The tortuous North Korean refugee
triangle By Bruce Klingner
The increasing flow of North Korean refugees
into South Korea threatens to hinder progress in
inter-Korean negotiations. The arrival in the South of
468 North Korean refugees from Vietnam in July, the
largest mass defection since the end of the Korean War,
led Pyongyang to cancel bilateral economic talks with
Seoul, denounce Southern authorities as "wicked
terrorists", and withdraw its ambassador from Hanoi. In
letters to the United Nations High Commissioner for
Refugees and the International Committee of the Red
Cross, Pyongyang accused Seoul of kidnapping the
defectors with the complicity of the United States.
South Korea quickly sought to counter
impressions that the major refugee arrival, along with
the subsequent entry of 29 refugees into a Japanese
school in Beijing, would lead to a degradation in its
relationship with the North. The South Korean
Unification Ministry issued a statement saying, "We hope
to quickly resume the suspended inter-Korean dialogue to
discuss pending economic-related issues." South Korea's
small and isolated but unauthorized nuclear experiments
years ago also have given the North its latest excuse to
reject a new round of talks on its own development of
nuclear weapons - and the disclosure has set back
North-South dialogue.
There are an estimated
100,000-300,000 North Korean illegal refugees currently
hiding in northeastern China. An unknown percentage
voluntarily return to North Korea after acquiring food
for their families, and a relatively few are able to
transit China to a third country en route to South
Korea. This effort stems from an informal confederation
of religious organizations, charities, non-government
organizations, and government agencies with varying, and
sometimes conflicting, goals. Although some
organizations appear interested only in the welfare of
the individuals, others seek to capitalize on the plight
of the refugees to bring about the downfall of the
regime of North Korean leader Kim Jong-il.
UN
officials are seeking to increase pressure on Pyongyang
to address long-standing international concerns over its
abysmal human-rights record as well as urging Beijing to
cease repatriating refugees back to North Korea, where
they face torture, brutal imprisonment in political
labor camps, or death. The UN special rapporteur on
human rights in North Korea, Vitit Muntarbhorn,
announced his intention to petition Pyongyang formally
this month to allow him access to conduct a probe of
human-rights conditions.
Muntarbhorn, a Thai law
professor with Chulalongkorn University in Bangkok, was
appointed by the UN Commission on Human Rights in July
after its censure resolution accusing Pyongyang of
widespread abuses, "including torture, public
executions, extrajudicial and arbitrary detention,
imposition of the death penalty for political reasons,
[and] the existence of a large number of prison camps
and the extensive use of forced labor". He is scheduled
to submit a final report on human rights in North Korea
to the UN General Assembly next March.
UN Human
Rights Commissioner Louise Arbour told a news conference
in Seoul that she had urged China to protect North
Korean defectors rather than returning them to their
home country. She emphasized that China, as a signatory
in 1982 to the 1951 Convention Relating to the Status of
Refugees, has "an obligation to protect persons who are
in a vulnerable position" and not forcibly expel or
return refugees to those territories where their life,
freedom or physical integrity would be threatened.

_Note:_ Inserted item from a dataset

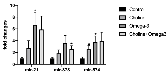 expression was significantly higher in the Choline + Omega-3 group, and miR-574

China seeks quiet resolution of refugee
issue The Chinese leadership emphasizes stability
as a lodestar of its foreign policy and fears any
turmoil on the Korean Peninsula. Beijing, therefore,
provides sufficient fuel and food aid to maintain the
continued viability of Kim Jong-il's regime while urging
its troublesome Pyongyang ally to implement
Chinese-style economic reforms to improve its economic
condition and its people's well-being.
Beijing
is concerned that any actions it takes to assist the
fleeing North Koreans, such as establishing refugee
camps or providing formal UN designation as "political
refugees", would provoke a torrent of additional
refugees, offend its North Korean ally, and perhaps
undermine the stability of the Pyongyang regime.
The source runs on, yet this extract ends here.